What is certain, the various sources agreed, is that the new Egyptian leadership, even if it proves to be pro-Western, will require a lengthy settling-in period to deal with the stirrings of domestic dissent that have become evident in the last month and to gauge its strength with the Egyptian masses.
As a result, the sources said, the outlook is for an extended period of introspectiveness by the new leadership while it tries to calm the country by addressing domestic concerns. While that process is underway, the sources added, Sadat's successors are likely to be wary of bold foreign policy initiatives and probably will take a go-slow approach to sensitive issues like the Palestinian autonomy negotiations; but U.S. officials remain hopeful that Egyptian friendship for the West will survive Sadat and eventually be put back on track.

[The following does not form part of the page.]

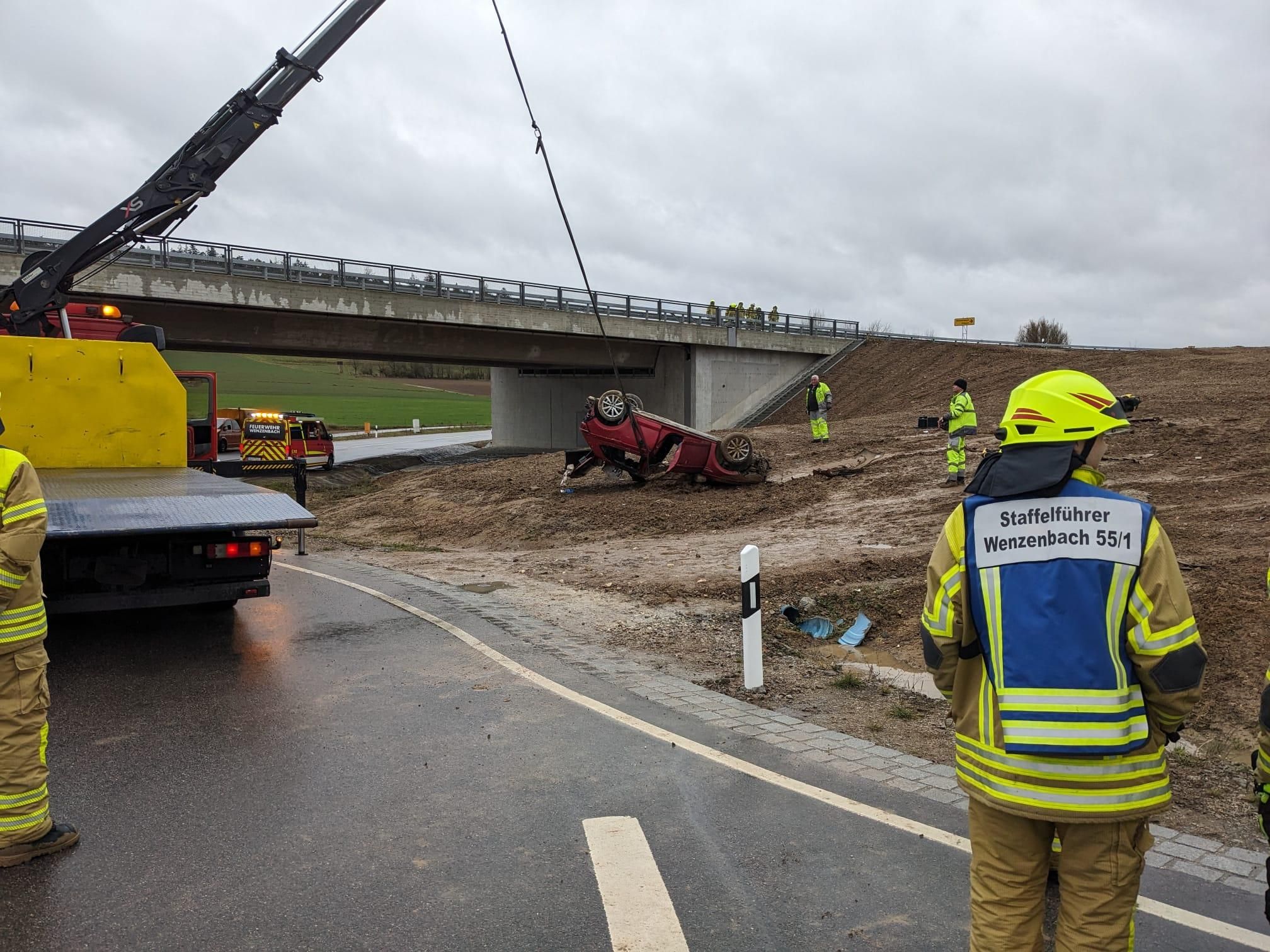 Die Verkehrssicherung auf den angrenzenden Straßen – Irlbach, Wenzenbach, Probstberg und B16 – wurde von den Einsatzkräften der drei Feuerwehren übernommen. Nach der Bergung des Fahrzeugs konnte die Einsatzstelle wieder freigegeben werden.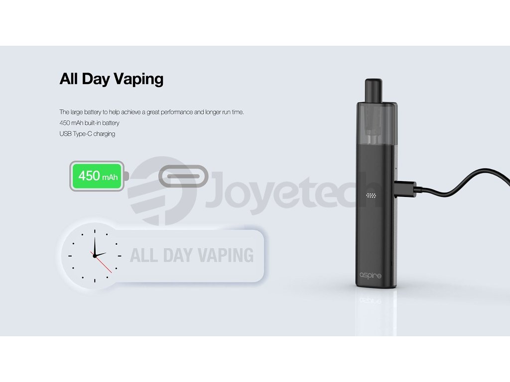 Aspire je jeden z velkých výrobců, který od roku 2013 posouvá dopředu zařízení, ale i způsob vapování. Aspire první představil takzvané BVC hlavy. Aspire se zaměřoval na tyl kouření pusa-plíce, ale jako první přišel s nízkoodporovým tankem. Aspire dále pokračuje na pevných základech. Aspire má pro začátečníky skvělé sady, pokročilí si užijí novou řadu nízkoodporových tanků

That general attitude of cautious optimism apparently was conveyed to members of the Senate by Haig at a closed briefing late yesterday. The secretary refused to talk with reporters, but Sen. Alan Cranston (D-Cal.) said the thrust of Haig's remarks was, "So far, so good. They're following the constitutional process."
Cranston and other senators said Haig had especially harsh words for Libya and its broadcasting of incitements to the Egyptian people to rise up in revolt. The Reagan administration frequently has denounced Libyan leader Muammar Qaddafi as a supporter of world terrorism and a prime threat to peace in the Middle East.